Simple task framework - building software from reusable pieces
- by RuslanD
I'm writing a web service with several APIs, and they will be sharing some of the implementation code. In order not to copy-paste, I would like to ideally implement each API call as a series of tasks, which are executed in a sequence determined by the business logic.
One obvious question is whether that's the best strategy for code reuse, or whether I can look at it in a different way. But assuming I want to go with tasks, several issues arise:
What's a good task interface to use?
How do I pass data computed in one task to another task in the sequence that might need it?
In the past, I've worked with task interfaces like:
interface Task<T, U> {
U execute(T input);
}
Then I also had sort of a "task context" object which had getters and setters for any kind of data my tasks needed to produce or consume, and it gets passed to all tasks. I'm aware that this suffers from a host of problems. So I wanted to figure out a better way to implement it this time around.

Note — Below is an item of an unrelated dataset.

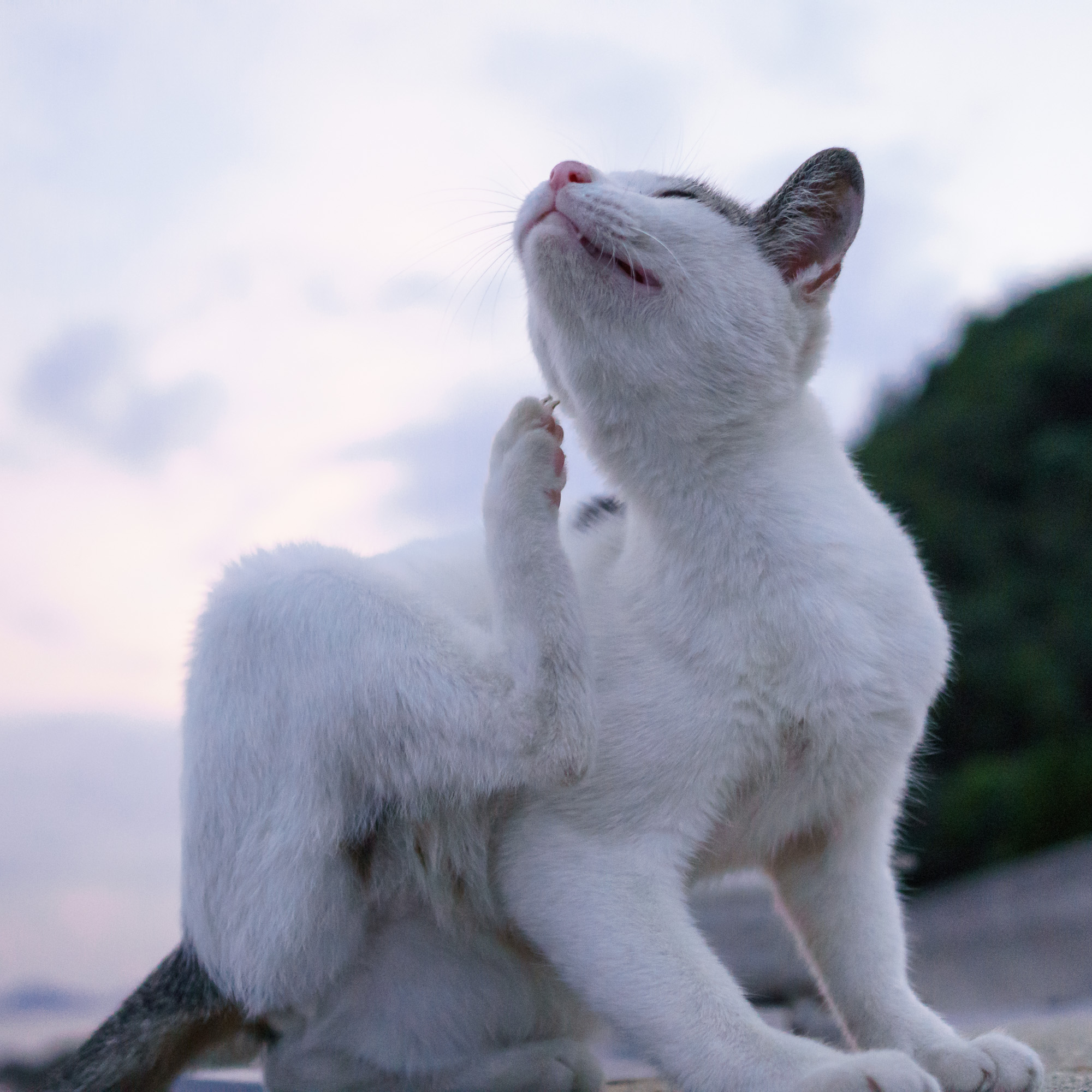 →猫たちの素早い動きをブレなく撮影するには、シャッタースピードを上げなければなりません。猫島の天気は様々。朝焼けや夕陽、曇りの日も。そんな日はシャッタースピードを落とさずに、ISO感度を上げて対応します。
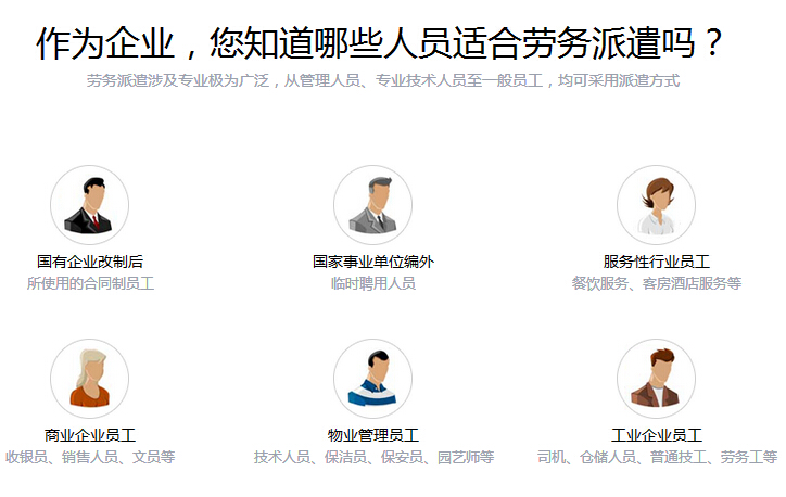 一鸣提供专业劳务派遣协议方案、代办录用、岗前培训及劳动合同签定、员工档案管理、代缴社会保险、员工薪资发放、专业人员后勤管理、不符合岗位要求员工及时更换、退工手续办理、代理劳务纠纷、定期企业回访及后期跟踪管理。

My current idea is to have a TaskContext object which is a type-safe heterogeneous container (as described in Effective Java). Each task can ask for an item from this container (task input), or add an item to the container (task output). That way, tasks don't need to know about each other directly, and I don't have to write a class with dozens of methods for each data item. There are, however, several drawbacks:
Each item in this TaskContext container should be a complex type that wraps around the actual item data. If task A uses a String for some purpose, and task B uses a String for something entirely different, then just storing a mapping between String.class and some object doesn't work for both tasks. The other reason is that I can't use that kind of container for generic collections directly, so they need to be wrapped in another object.
This means that, based on how many tasks I define, I would need to also define a number of classes for the task items that may be consumed or produced, which may lead to code bloat and duplication. For instance, if a task takes some Long value as input and produces another Long value as output, I would have to have two classes that simply wrap around a Long, which IMO can spiral out of control pretty quickly as the codebase evolves.
I briefly looked at workflow engine libraries, but they kind of seem like a heavy hammer for this particular nail. How would you go about writing a simple task framework with the following requirements:
Tasks should be as self-contained as possible, so they can be composed in different ways to create different workflows.
That being said, some tasks may perform expensive computations that are prerequisites for other tasks. We want to have a way of storing the results of intermediate computations done by tasks so that other tasks can use those results for free.
The task framework should be light, i.e. growing the code doesn't involve introducing many new types just to plug into the framework.